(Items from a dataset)

----

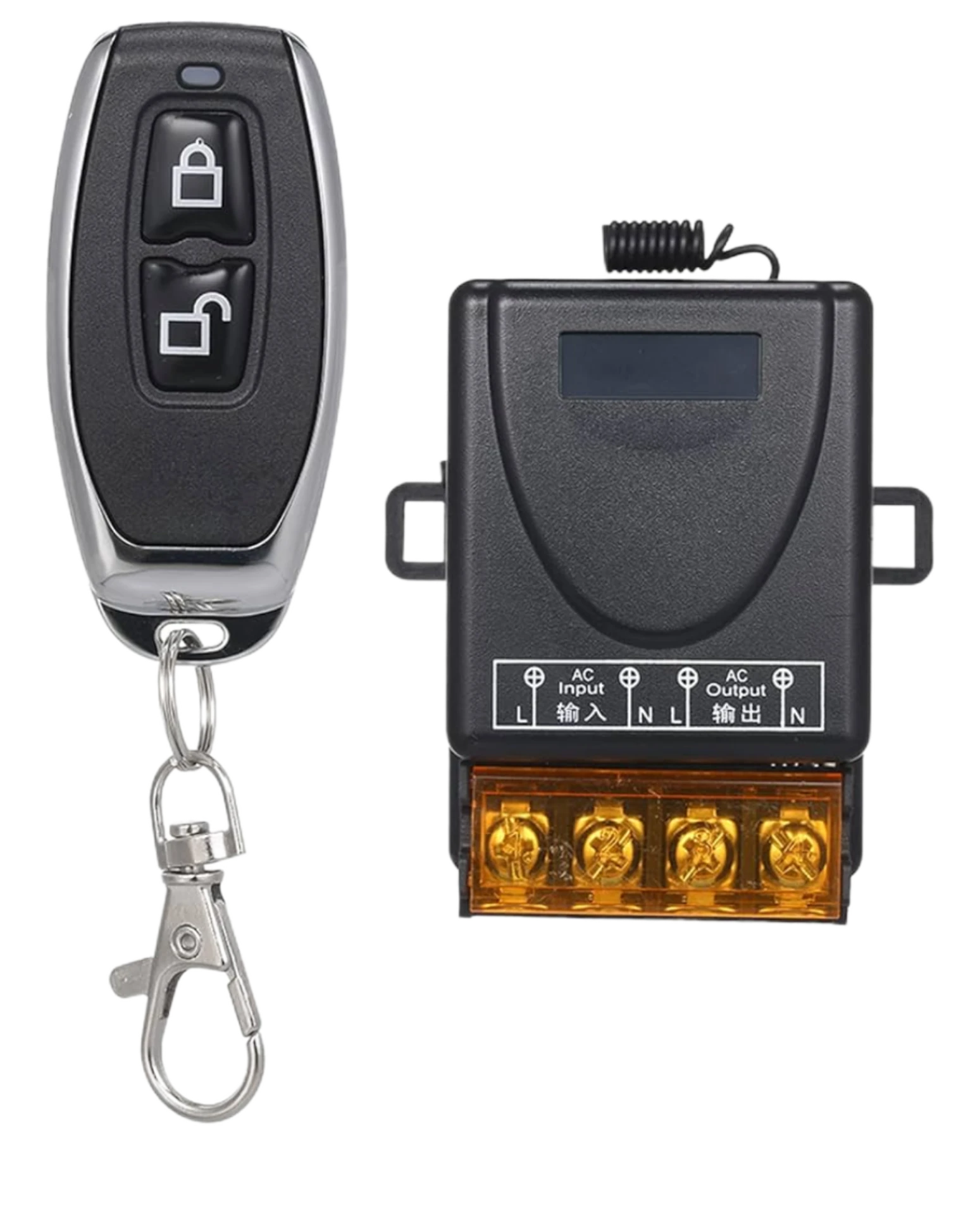 محتويات العبوة: وحدة تحكم مركزية + ريموت + فيوز حماية + أسلاك توصيل
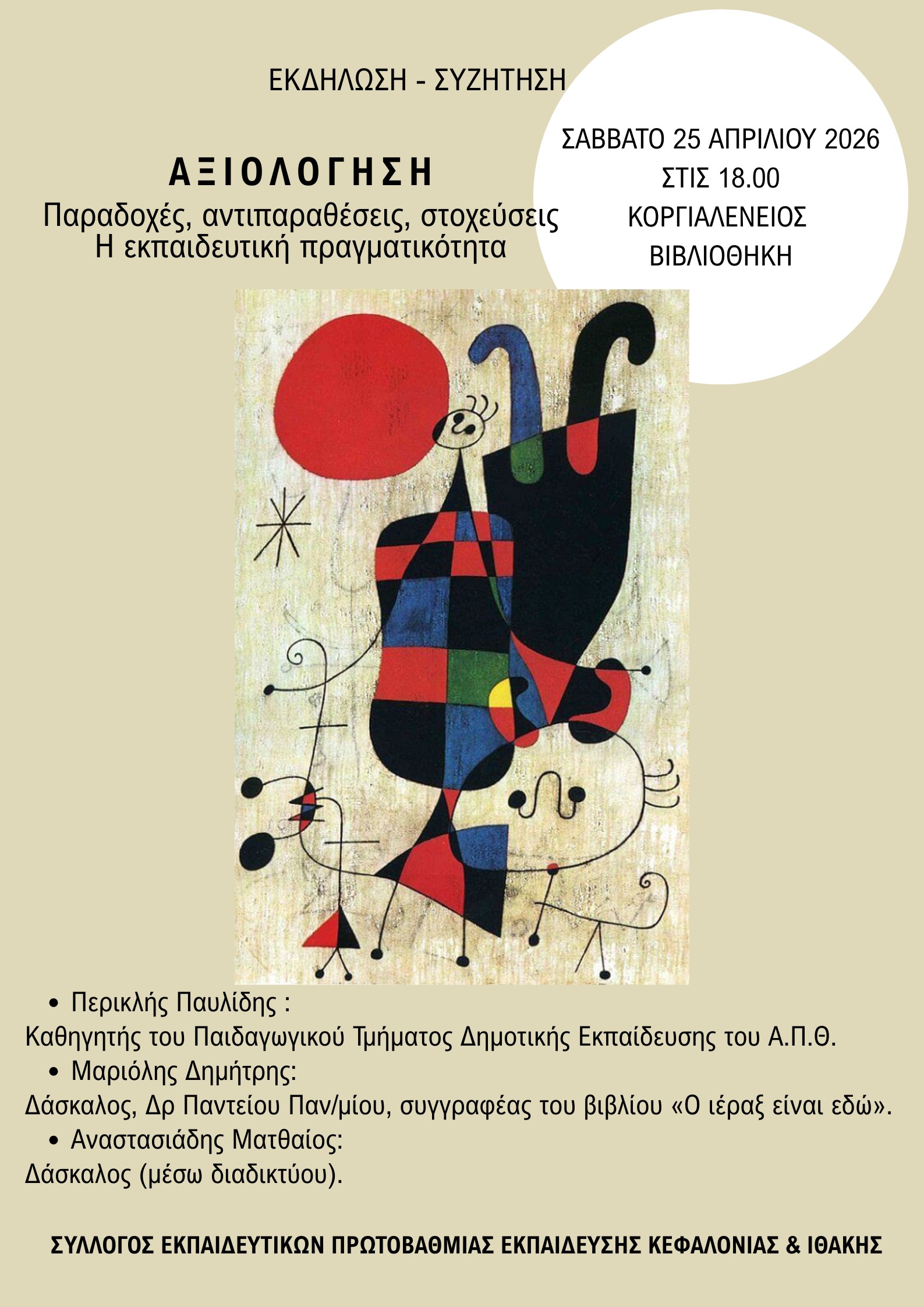 που θα πραγματοποιηθεί το Σάββατο 25 Απριλίου 2026 και ώρα 18:00 στην Κοργιαλένειο Βιβλιοθήκη Αργοστολίου. Στην εκδήλωση θα παρευρεθούν και θα μιλήσουν:
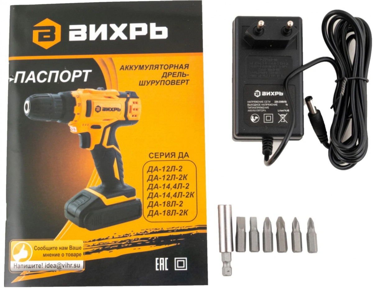 Дрель-шуруповерт аккумуляторная ВИХРЬ ДА-14,4л-2К
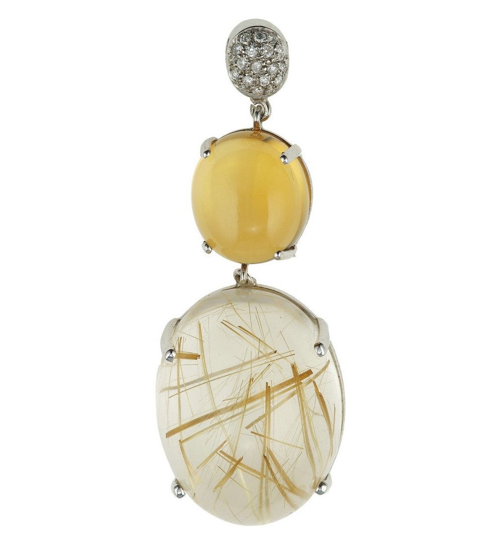 Pendente con quarzo rutilato, quarzo giallo e pavé di diamanti
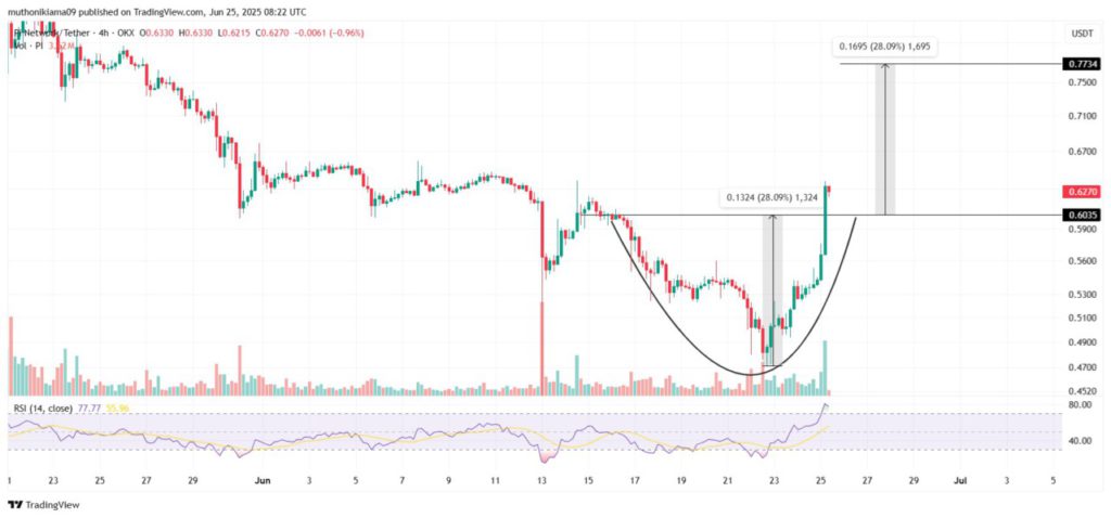Selain pola wedge yang bullish, ada juga pola dasar bulat yang telah matang pada grafik empat jam Pi Coin. Pola ini juga mengindikasikan bahwa pembalikan tren bullish semakin dekat. Penutupan harga di atas level resistensi leher menambah bukti akan kekuatan tren naik yang sedang terbentuk.
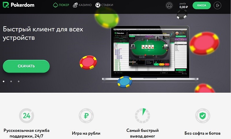 Поскольку PokerDom является российским проектом, то здесь пользователям не приходится сталкиваться с софтом на иностранном языке или техподдержкой, отвечающей на английском. Здесь все на русском – что является еще одним плюсом этого заведения. Давайте же остановимся на нем подробнее и выясним, как стать его клиентом и какие выгоды ждут игроков в этой комнате.
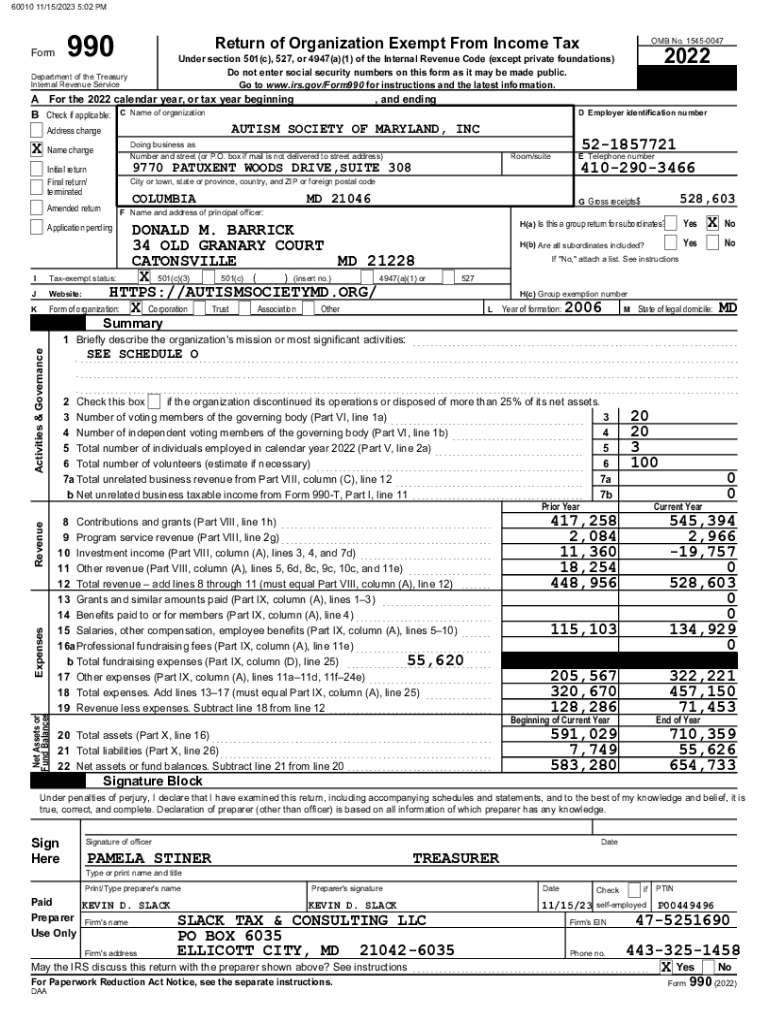 This document is the IRS Form 990 for the Autism Society of Maryland, Inc., detailing the organization\'s financial activities, governance, and compliance with tax-exempt status requirements for the fiscal year ending in 2022. It includes sections on revenue, expenses, and program accomplishments, alongside the organization\'s mission to support families affected by autism.
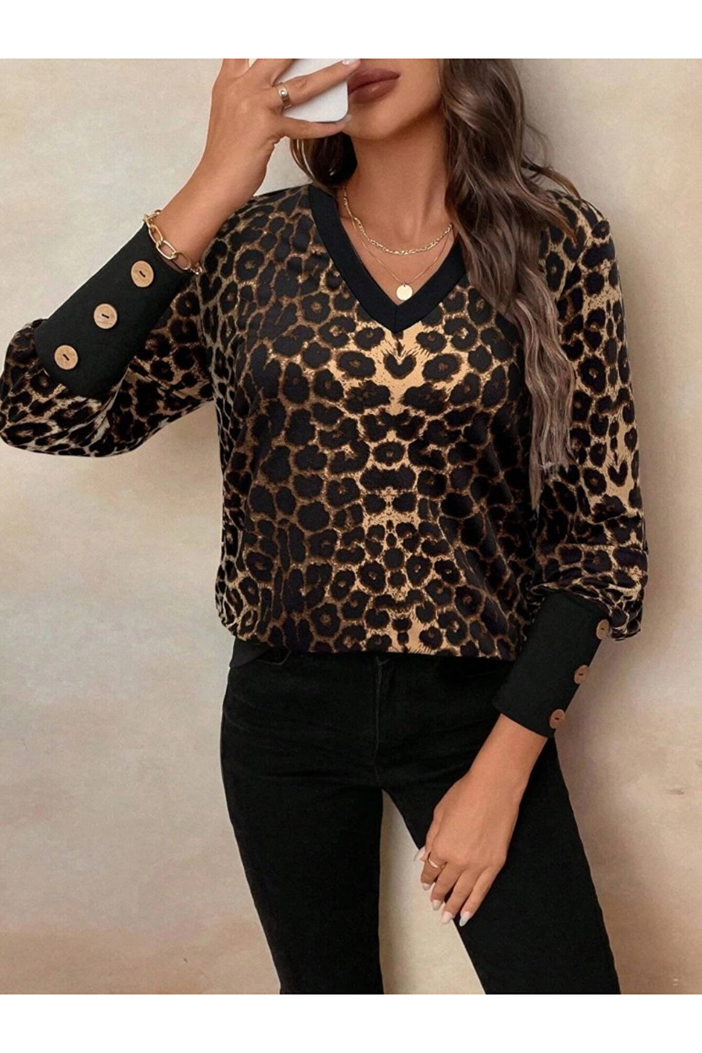 Meis Concept MDB Kadın Uzun Kollu V Yakalı Desenli Süprem Bluz

----

▶ **Work task**:
Take only the lines above from the one that has "Дрель-шуруповерт аккумуляторная ВИХРЬ" through the one that has "Pendente con quarzo" and reproduce them exactly, omitting any pictures.

▶ **Output for this exercise**:
 Дрель-шуруповерт аккумуляторная ВИХРЬ ДА-14,4л-2К
 Pendente con quarzo rutilato, quarzo giallo e pavé di diamanti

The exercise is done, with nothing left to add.